Let us take the whales as an example. I was there myself last week and now have a fairly good understanding of the whale population in the area and also of Woodside's very gross underestimation of the number of whales using the area. They have so grossly underestimated the number of whales using that area and there is the fact that this area is a whale nursery and the home of the whales—not the Antarctic. The whales are born in this area; they are conceived in this area; they go to feed in the Antarctic and come back to give birth in this area. Woodside says that around 1,000 use the area within the eight-kilometre zone in the whole of the migration season. The community monitors, in a very scientific manner, have already, in the first five weeks of the migration period, identified 1,698 whales, including at least 99 mothers and calves, with some other sightings that are yet to be confirmed. In other words, this is a very important area.

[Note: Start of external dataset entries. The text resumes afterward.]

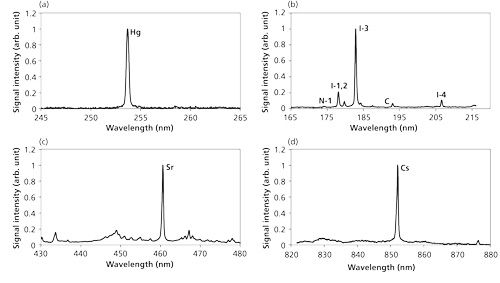 There are several interferences with the target signals in the LIBS process, generally including the continuum emission from plasma itself, coexisting molecular and atomic emissions, and noise from detectors. The laser-induced plasma process can be controlled by pressure, which relates to the interference and signal emissions. The interference of the continuum emission from plasma itself was reduced when the pressure decreased and the emissions of target elements became eminent compared with other emission signals by the control of electron impact ionization process. Figure 5 shows the measurement results of Hg, CH3I, Sr(C5[CH3]5)2, and Cs(C11H19O2) in N2 at low pressure (22). The apparent signals of Hg at 253.7 nm, iodine at 183 nm (I-3), Sr at 460.7 nm, and Cs at 852.1 nm can be detected with little interference of continuum emission and coexisting materials.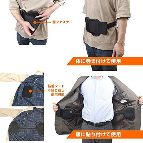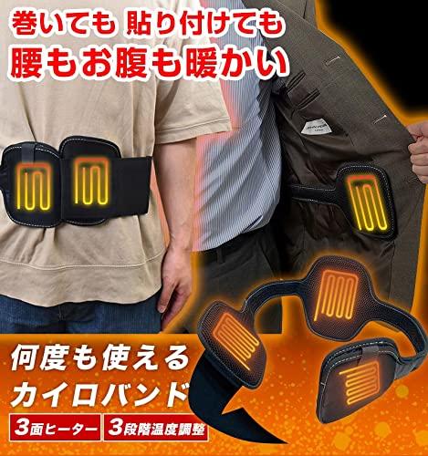 服に貼り付けても体に巻き付けても使える!何度も使えて温度調整可能なヒーターカイロバンド着ぶくれしないのに暖かい。何度も使えて温度調整もできるヒーターバンドです。直接体に巻き付けるだけではなく、自分の服に貼り付けて使用することができます。外での作業では電源オンに、暖房の効いた室内ではオフに、といった使い方がラクにできます。安全警告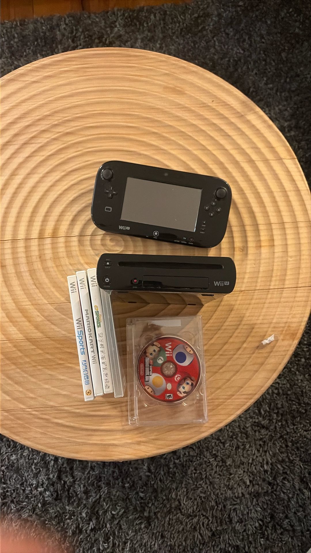 Full Wii U package with tablet, cords, 2 controllers, and sensor. Also includes the following Wii games: -super Mario bros Wii -wii sports -deca sports -Mario kart Wii Everything is used but in good condition.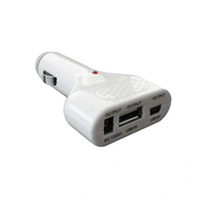 Car Charger with USB port, Mini USB and 12/24 V DC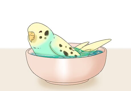 Bathe your bird in a bowl or sink. Fill a shallow bowl or sink up with 2–3 inches (5.1–7.6 cm) of room temperature water. If your bird has never taken a bath before, keep it short and don't force the bird into the water. Make sure you dry your bird as much as possible with a towel, then place in a room without any drafts for a while. Don’t use soap as it can remove naturally occurring oils from your bird’s feathers.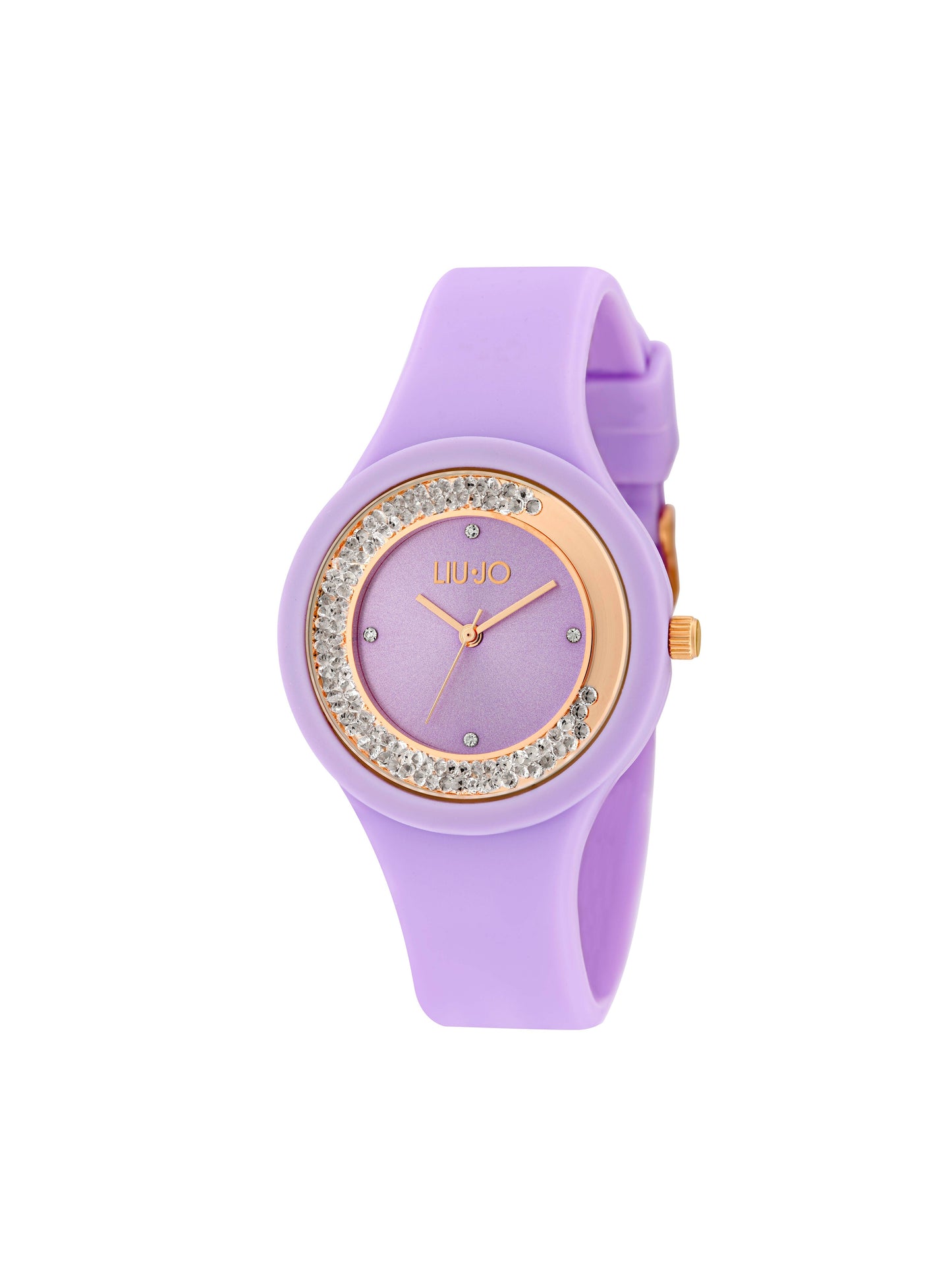 Orologio solo tempo con cassa in acciaio inossidabile di colore rosato e del diametro di 38 mm. Vetro minerale e quadrante di colore oro rosa con cristalli sciolti nella lunetta. Cinturino in silicone di colore glicine. Resistenza all'acqua di 3 atm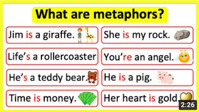We know that trees don’t have the human quality of dancing however, this language technique makes the sentence more interesting and creates an image in the reader’s mind. It sounds more interesting than just saying, “The tree is moving in the wind.”

I asked about the miniature spinner dolphins. Woodside is spending $80 million on an environmental assessment process—'It must be okay because we spent lots of money'—and, for a start, have managed to grossly underestimate the number of whales. The community-monitoring program has already highlighted the fact that they grossly underestimated it. They did not manage to find the miniature spinner dolphins. They spent $80 million but they did not manage to find them. Also, they did not manage to find the turtle-nesting sites. If they had asked the local community they could have told them where they are and the fact that they do use this area for nesting, but according to Woodside they do not. Not to mention the bilbies that they never seem to manage to find. That is just the start of the failures of the environmental impact assessment process undertaken by Woodside.

The government could not answer my question. They could not tell us how they are going to make the decision; they could not tell us whether they are going to carry out some independent monitoring. However, the minister did manage to answer a question I did not ask and, I have to say, I am quite grateful because the community do want to know what has been happening with their section 9 application. They put it in at least 12 months ago—you cannot rush these things. So I will take that answer back to the community and let them know that the minister is still undertaking that assessment.

Last week, for the James Price Point development, the Australian Institute of Marine Science carried out an assessment of the state government's own documentation and pointed out that the project will be a net cost to the taxpayers of WA and they will spend more money supporting this project than they will in collecting taxes. In fact, the impact of this particular development may lead to the loss of jobs in other places in WA.

One wonders why the WA government are so strongly focusing on James Price Point when this particular site is an economic disaster. Could it be that they have other plans for the site? Of course, they deny this, but it is highly likely. Ninety-seven per cent of the workers there will be fly-in fly-out workers. So much for the myth that this is going to generate so much local employment. It will reduce the Kimberley's reputation as a world-class tourism destination, leading to a reduction in employment in the area's other largest employment sector. It will increase demand on community services, such as health and police, and cause inflation in the Broome region for housing and things like that, as it has in other places in Western Australia. This is a bad development. It should not go on country at «James» «Price» «Point. The government should look at other places for that development and the federal government need to outline how they intend to undertake their assessment process.